-- Data block follows --

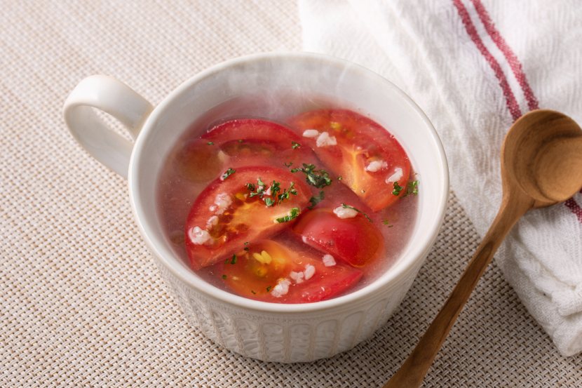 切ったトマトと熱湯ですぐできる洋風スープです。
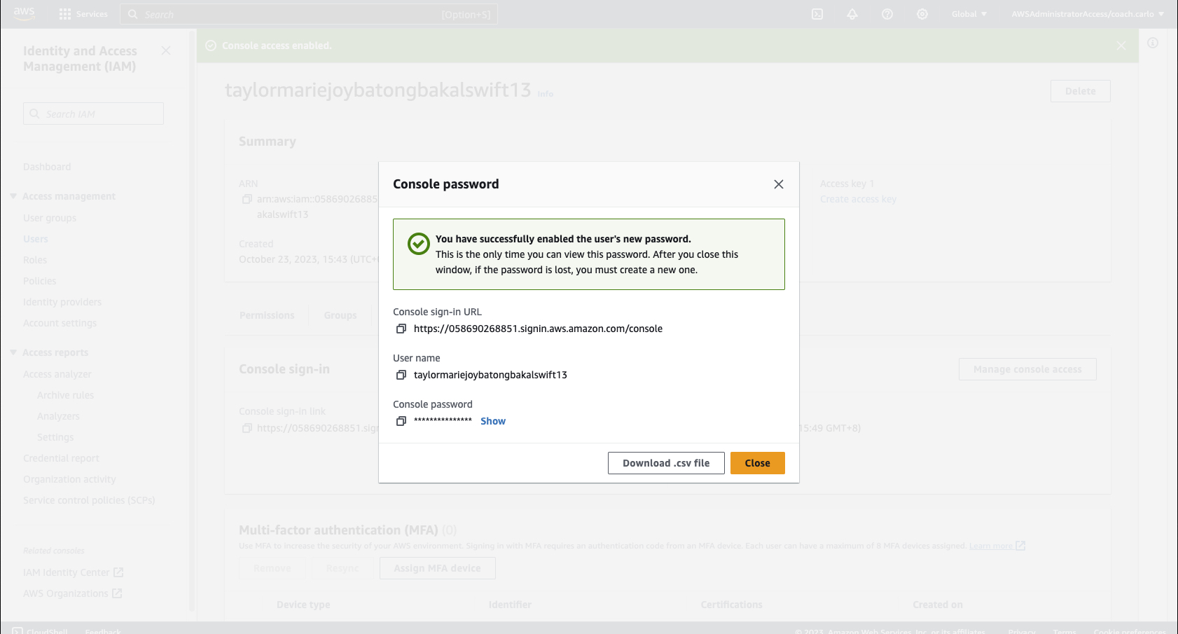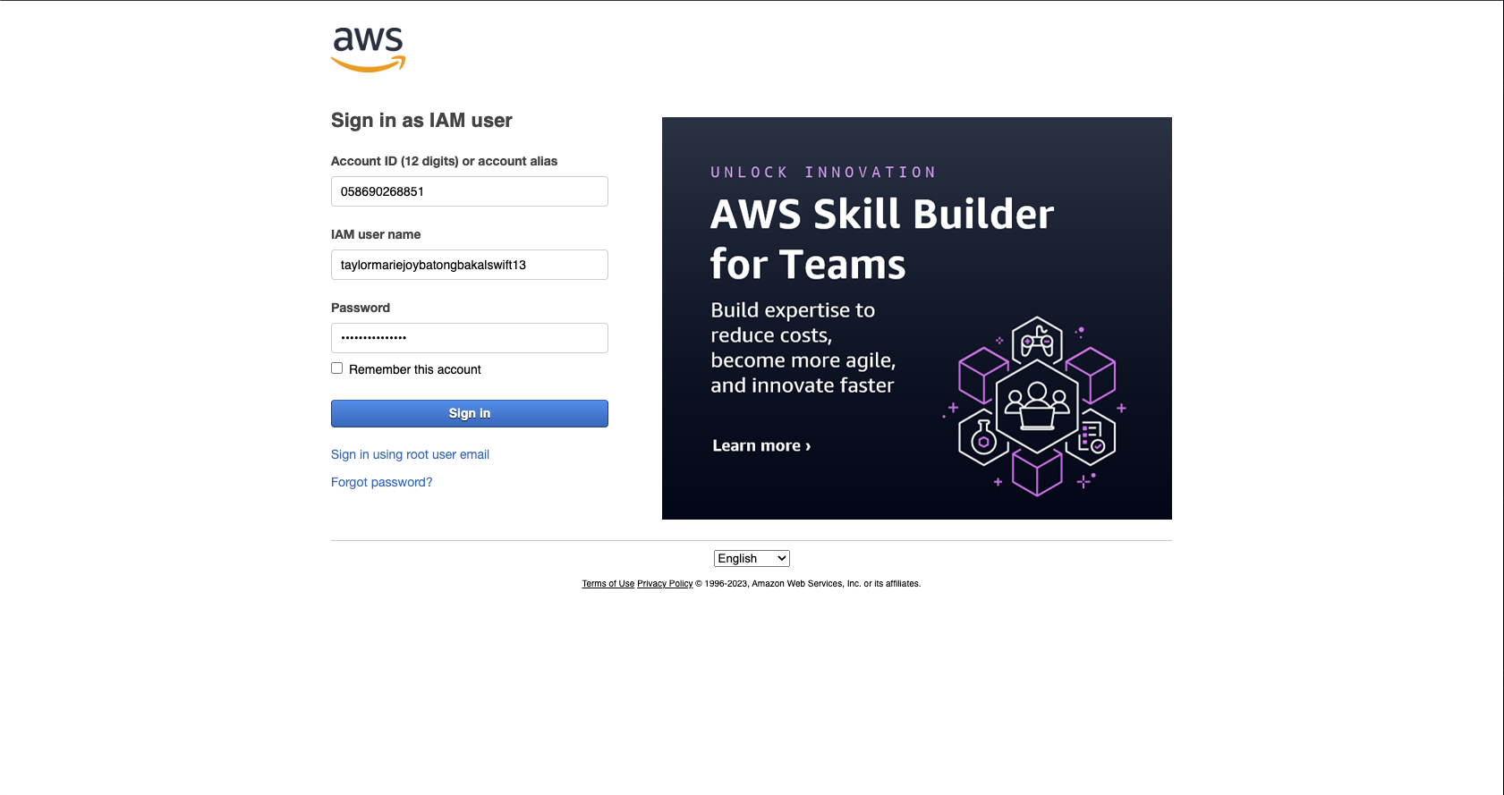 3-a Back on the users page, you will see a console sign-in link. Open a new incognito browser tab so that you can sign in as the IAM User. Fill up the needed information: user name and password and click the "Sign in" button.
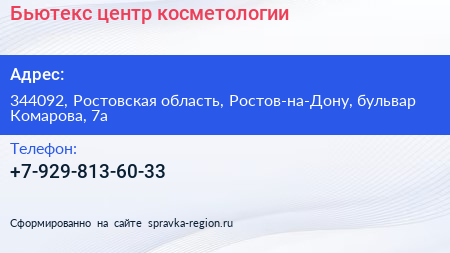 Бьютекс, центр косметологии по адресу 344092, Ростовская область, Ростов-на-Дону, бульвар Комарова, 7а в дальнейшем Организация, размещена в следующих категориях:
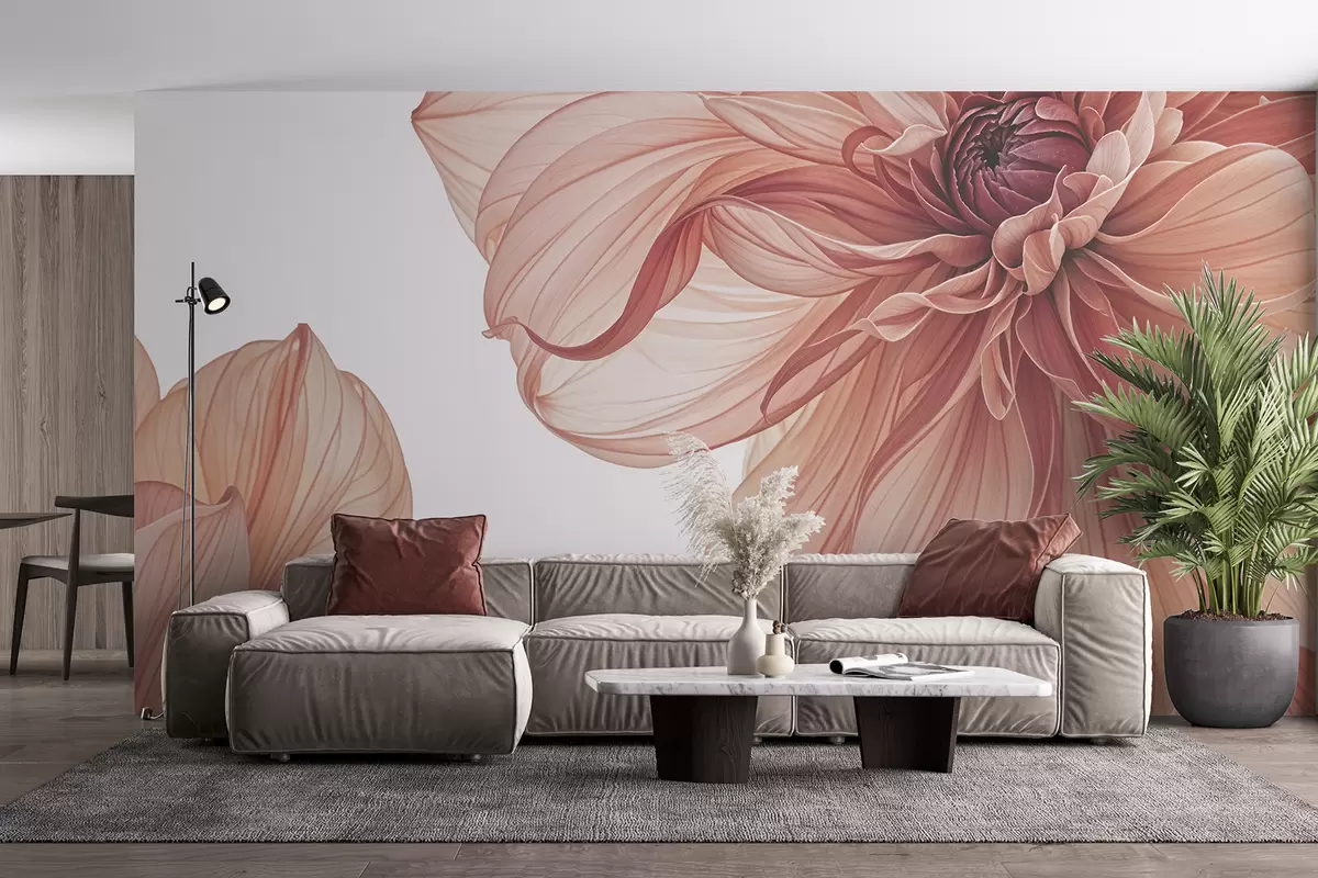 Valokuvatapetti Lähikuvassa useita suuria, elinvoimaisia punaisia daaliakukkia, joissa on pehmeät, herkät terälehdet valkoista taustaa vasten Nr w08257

-- Data block concluded --

* **Action item**:
Word for word, quote the lines above. Omit the pictures.

* **Output of the task**:
 切ったトマトと熱湯ですぐできる洋風スープです。
 3-a Back on the users page, you will see a console sign-in link. Open a new incognito browser tab so that you can sign in as the IAM User. Fill up the needed information: user name and password and click the "Sign in" button.
 Бьютекс, центр косметологии по адресу 344092, Ростовская область, Ростов-на-Дону, бульвар Комарова, 7а в дальнейшем Организация, размещена в следующих категориях:
 Valokuvatapetti Lähikuvassa useita suuria, elinvoimaisia punaisia daaliakukkia, joissa on pehmeät, herkät terälehdet valkoista taustaa vasten Nr w08257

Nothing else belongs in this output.